Programmatically run a dataflow/dataset
Hello,
I would like your help in order to understand how to run a dataset (or a dataflow) based on a trigger outside Domo.
Let's say, for instance, I have a python script that check a condition on my database and if the condition is met, it should trigger the execution of two mySql Connector in Domo.
Would this be possible somehow?
The closest thing I am able to do is to run manually a dataset or a dataflow with the Java CLI, but I was wondering if there is any API that can accomplish my request so that i can call this API whenever I need it.
I saw in another question an user talking about undocumented API, but I cannot find anything more about it.
It would be enough to understand how the two DOMO CLI commands
dataflow-run-now |
and
dataset-run-now |
work in order maybe to emulate the same interaction with my Domo instance programmatically.
Best Answer
-
Okay, here we are with the solution to this problem! Special thanks to @jaeW_at_Onyx for all the steps.

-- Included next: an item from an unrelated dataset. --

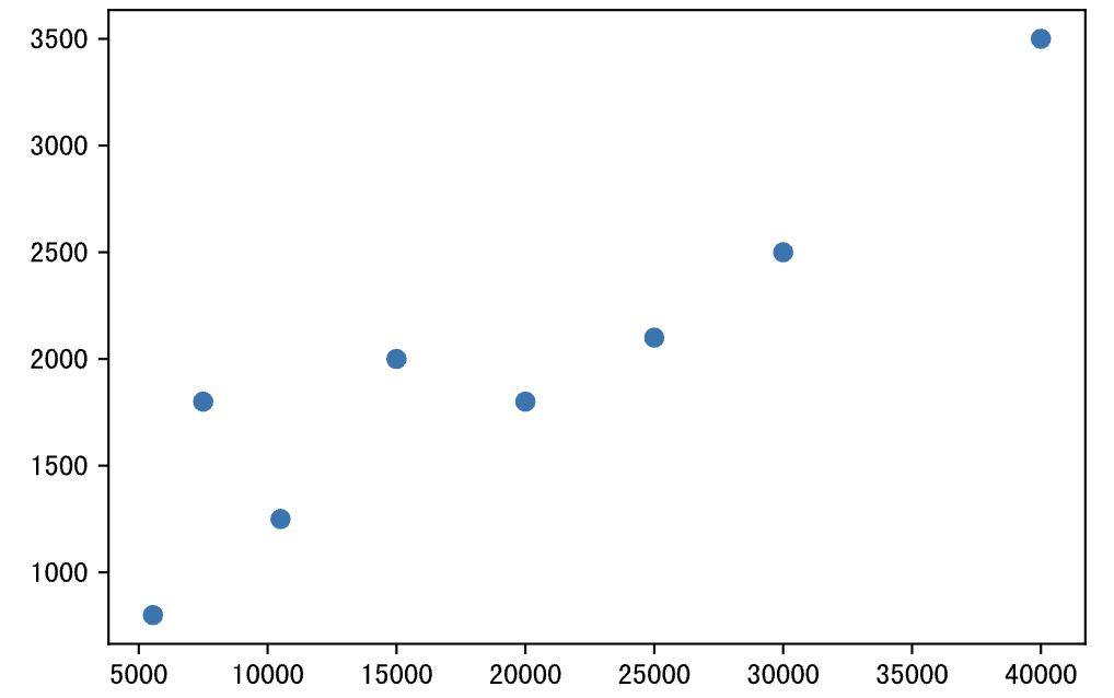 散点图可以帮助我们了解两个变量的关系,如果需要了解三个变量的关系,可以将散点图升级为气泡图。下面的代码中,xy两个数组分别表示每个月的收入和每个月网购的支出,如果我们想了解xy是否存在相关关系,就可以绘制如下所示的散点图。

I've published https://gist.github.com/giuseppellrusso/03daabba54424ceac83309921121320c#file-domo_utils-py with my module developed to programmatically run a dataset or a dataflow.
As you can see from the code, running a dataset is as easy as running the associated stream and thus we can use the PyDomo library (that is, we are using the official and supported API).
Running the dataflow is a bit trickier, because we have to authenticate to our private instance and use the session token to access an undocumented API. However right now this is working great ?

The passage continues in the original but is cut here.